Convolution and Correlation Similarity and Differences
We can also compare and contrast "convolution" and "correlation" for real waveforms as typically presented for further clues as to a logical choice for the sign:
Cross-Correlation function:
$$r(\tau) = \int_{t=-\infty}^{\infty}f(t)g(\tau+t)dt$$
Convolution:
$$c(t) = \int_{\tau=-\infty}^{\infty}f(\tau)g(t-\tau)d\tau$$
By swapping the variables of $t$ and $\tau$ in correlation, the key difference between the two and the importance of the sign in the relationship between the two becomes clearer:
Cross-Correlation Function:
$$r(t) = \int_{\tau=-\infty}^{\infty}f(\tau)g(\tau+t)d\tau$$
Convolution:
$$c(t) = \int_{\tau=-\infty}^{\infty}f(\tau)g(-\tau+t)d\tau$$
In the cross-correlation function, our objective is to find the similarity between the two waveforms versus a time delay and this is accomplished by having the two waveforms in the same time direction (here $f(\tau)$ and $g(\tau)$, where for each possible time delay $t$ we compute the correlation as a "sum of products" (or as done here in continuous time, multiply and integrate).
With convolution, and for the purposes where we would use it, we must time reverse one of the waveforms first, (here we see that with $f(\tau)$ and $g(-\tau)$ and then we can proceed in similar fashion as we did with correlation where we shift $t$ and then compute the "sum of products".
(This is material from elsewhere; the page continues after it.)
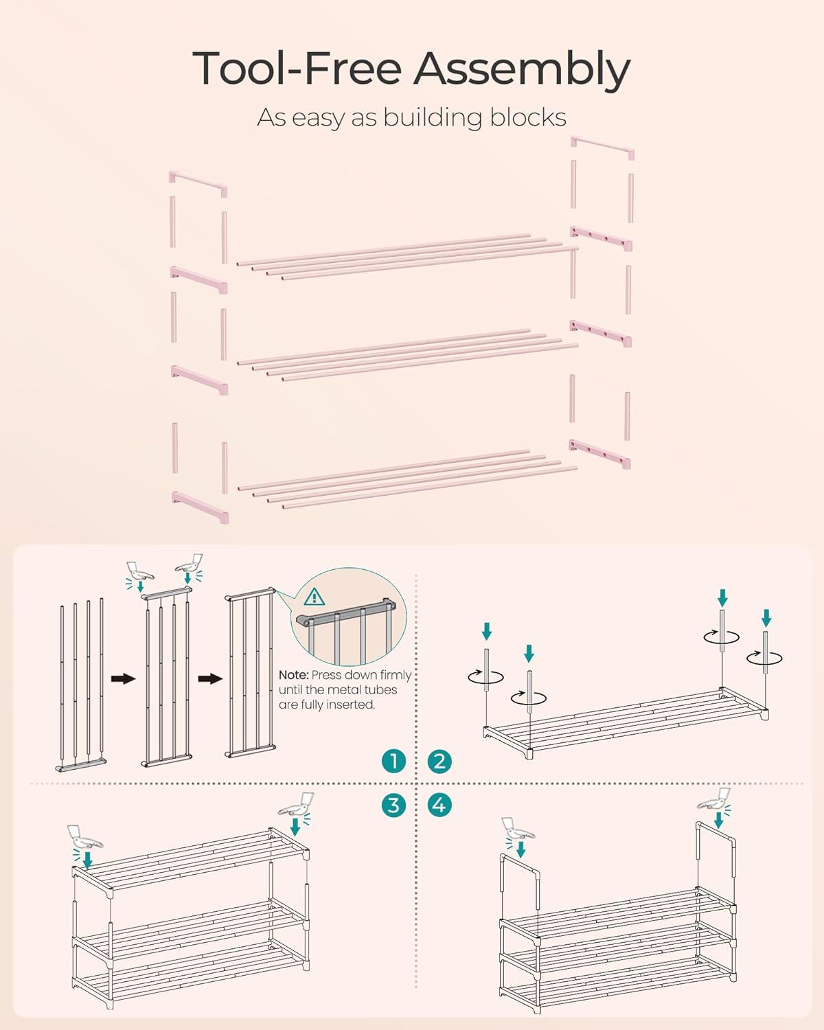 【EASY ASSEMBLY】A simple structure, numbered parts, and illustrated instructions make this shoe shelf easy to assemble. Even better, no tools are needed!

So in both cases, as $t$ increases in the positive direction such as in $r(t)$, so too does it increase in a positive direction within each function. In either case we could certainly, and consistently between the two, have $t$ subtracted instead of added. This would serve to time-reverse the result (effectively $r(-t)$). So we could give (2) a name in that it is a time-reversed cross-correlation with $f(t)$ as our reference.
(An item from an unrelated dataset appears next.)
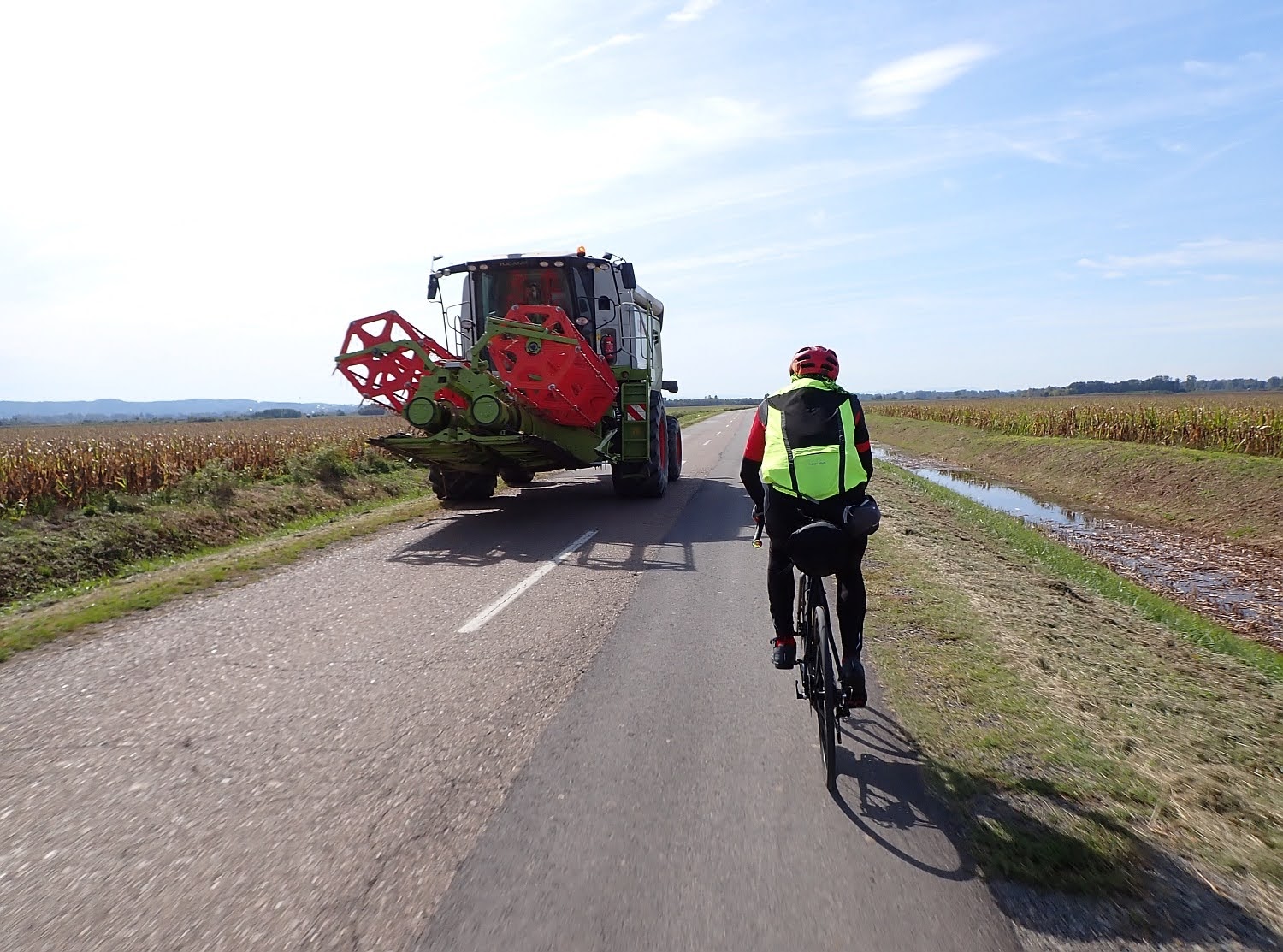 Oni su vozili tempom koji mi je bio malo prejak ali sam ga svejedno pratio jer sam uglavnom vozio u zavjetrini pa me to nije previše umaralo. Kad sam konačno došao na čelo u osjetan južni vjetar to je bilo nadomak prve kontrolne točke na križanju kod mjesta Davor, negdje na 45. kilometru. Do tamo nam je trebalo oko sat i pol što je bio sasvim pristojan tempo.

For purposes of correlation the time reversal is arbitrary but will define how we interpret the result in terms of what means lagging or leading between the two waveforms. However for convolution the sign as done is consistent with the temporal result of a linear system given the convolution of the input waveform with the impulse response.
Conclusion:
It is all just a matter of convention and proper interpretation given the function as defined. However specific to the OP's question and curiosity; the autocorrelation function is appropriately signed if we consider $f(t)$ to be the template. This use is consistent with the general form for correlation and the Fourier Transform (which itself is a correlation to $e^{j\omega t}$. With review of the complete equation including complex waveforms, we get further justification for using $f(t)$ as the template in which case both the lag and the relative phase in the result will be consistent in sign.